Das Buch erzählt die exemplarische Geschichte des Studenten Ulrich, der vom unpolitischen Frauenheld zum politischen Aktivisten mutiert. Ulrich dringt im Laufe des Romans immer tiefer in die 68er-Szene ein und steht schließlich beinahe im Zentrum der Ereignisse. Er durchläuft gleichsam alles Stationen einer typischen Sozialisation dieser Generation: Anti-Springerdemos, SDS, Universitätskrawalle, Wohngemeinschaft, sexuelle Befreiung, Konflikt mit der Vätergeneration, Vietnam-Krieg, Terrorismus, Straßentheater, Basisarbeit in der Fabrik.
Im letzten Teil des Buches geht es schon um das (vorläufige?) Scheitern der Bewegung. Nachdem die großen Träume fürs erste zerplatzt sind, entscheidet Ulrich sich dafür, den Beruf des Grundschullehrers zu ergreifen. Der Marsch durch die Institutionen hat begonnen.
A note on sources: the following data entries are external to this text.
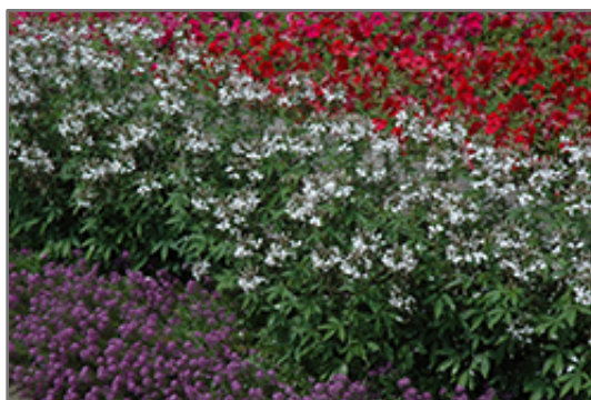
Senorita Blanca Spiderflower in bloom
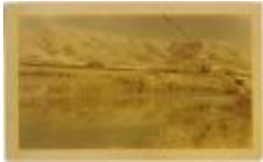
Principal's Residence, Round Lake Residential School (13d-c5710-d12)
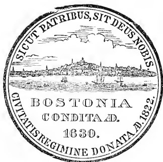
SEAL OF THE CITY OF BOSTON.
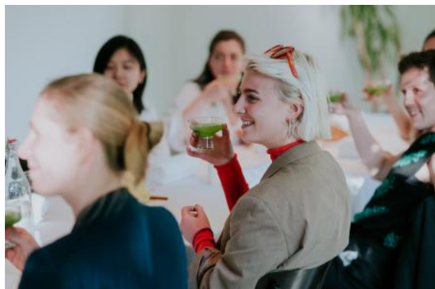
[dis]comfort food, 2023 Dinner Performance
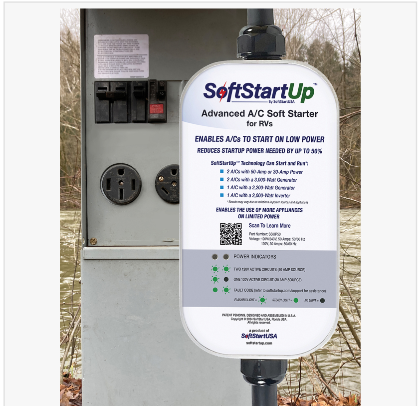
SoftStartUp plugs directly into 50-amp outlet or 30-amp outlet with provided adapter.
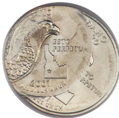
2007-D Idaho statehood quarter double-struck ( not a doubled die). The first strike was centered properly, but the accidental second strike was struck about 40 percent off-center.
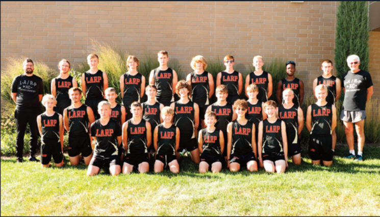
Section 1 Champion – *LEWISTON-ALTURA/RUSHFORD-PETERSON/HOUSTON
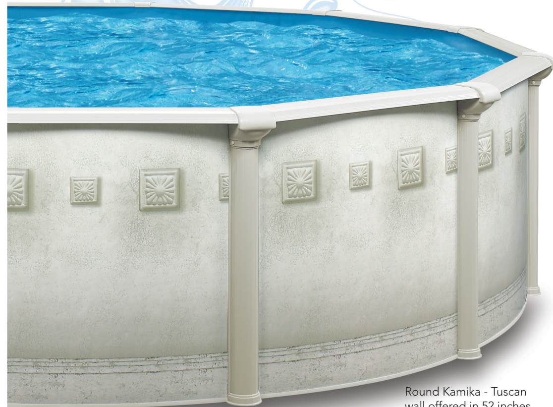
Round Kamika - Tuscan wall offered in 52 inches
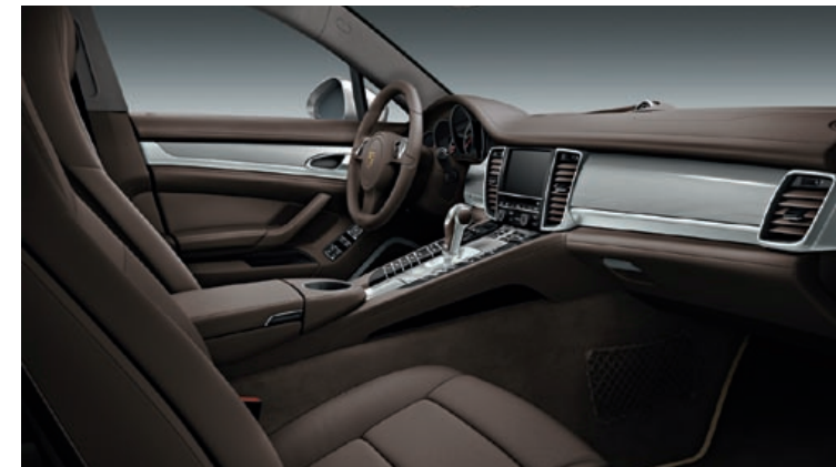
Interior package painted, PDK gear selector in aluminium, air vent slats in leather
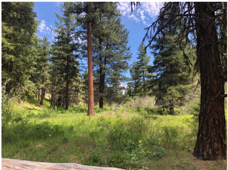
A representative bottom-of-the-canyon picture
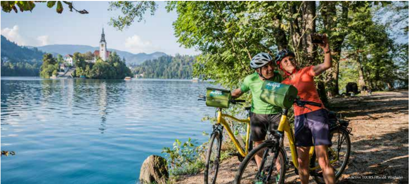
FunActive TOURS / Harald Wisthaler
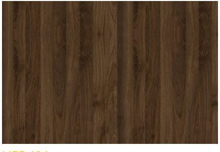
LIFE 484 ALEXANDRIA WALNUT
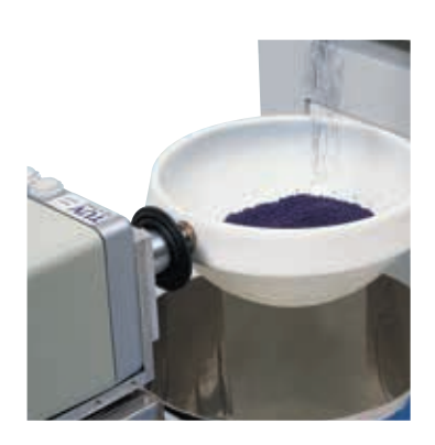
MicroBatch scale: gain-in-weight batching of small ingredient amounts
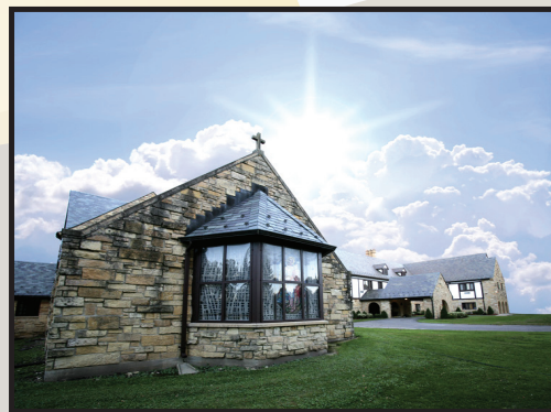
Guest House Treatment Center located in Rochester, Minnesota

Guest House is the founding behavioral health and addiction treatment program for men and women Catholic clergy and religious. For more than half a century Guest House has provided personalized clinical treatment with a spiritual emphasis, with a goal of returning every religious person to his or her ministry and mission rapidly and successfully. The accredited, full-time clinical staff is on-site at two secure, private rural residential treatment facilities.
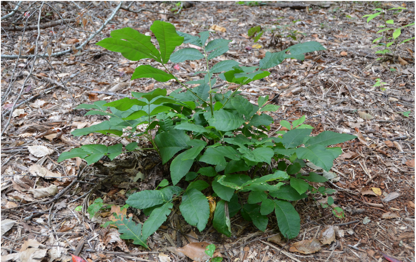
Stump sprouts. Small hardwood stumps often sprout back quickly after a timber harvest and may provide the best regeneration option for many hardwood species.
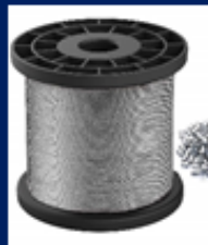
Wire Rope, 1/16 Wire Rope, Stainless Steel 304 Wire Cable, 328FT Length Aircraft Cable with 100pcs Sleeves Stops, 7x7 Strand Core, 368 lbs Breaking Strength This pkg is on Amazon for $20.99

The wire rope needed is to hang the Bobcat fabric from the ceiling to highlight the Bobcats. Also, will be needing 3/4 inch conduit for this project not sure on amount yet. We may have other items in the future coming up. Arrangements will be made for drop off when you contact us.
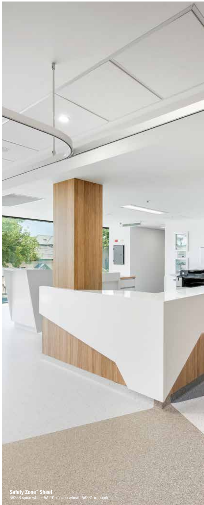
Safety Zone™ Sheet 5A256 spice white; 5A291 mallee wheat; 5A261 ironbark

of overall warranty coverage by using any Strong System™ subfloor preparation product.
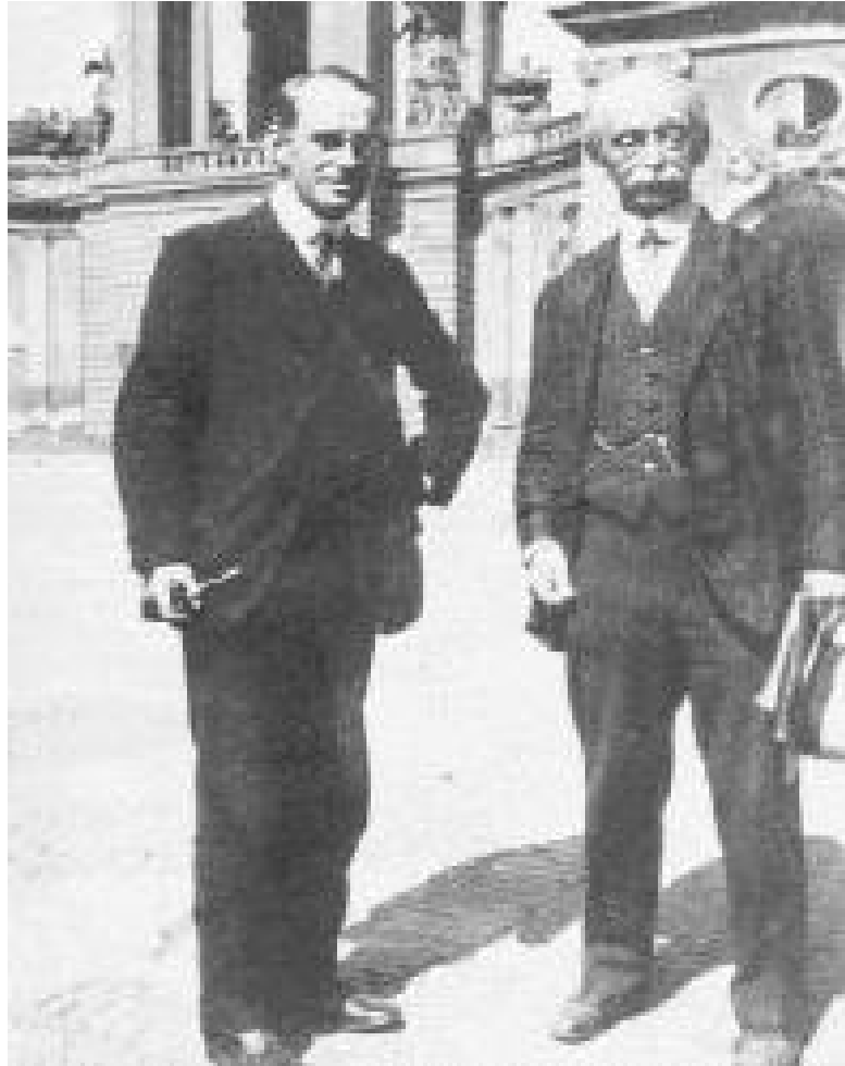
Fig. 10 Arthur Eddington and Jacobus Kapteyn. It is not known when, where and by whom this photograph has been taken. Oort was presented with a copy of this by S. Chandrasekhar. For the full story see [24]. It would seem that this photograph has been taken around 1920.

Die wichtigste Figur neben Ulrich ist der intellektuelle Studentenführer Petersen, der ein bißchen an Rudi Dutschke erinnert. Petersen ist aber nicht nur ein glänzender Theoretiker, sondern auch ein zuverlässiger und solidarischer Freund. Trotzdem kommen Ulrich und Petersen einander menschlich nicht wirklich nahe.
Die Figur des Ulrich eignet sich sehr gut als Identifikationsfigur für den Leser, weil er anfangs eher ein unpolitischer Außenstehender ist. Ulrich und mit ihm der Leser durchleben gleichsam eine 68er-Schlüsselszene nach der anderen. Die Atmospäre dieser Zeit wird in diesen Szenen so pointiert und authentisch eingefangen, daß eine Sogwirkung entsteht, der der Leser sich kaum entziehen kann. Man hat am Ende das Gefühl, dabeigewesen zu sein.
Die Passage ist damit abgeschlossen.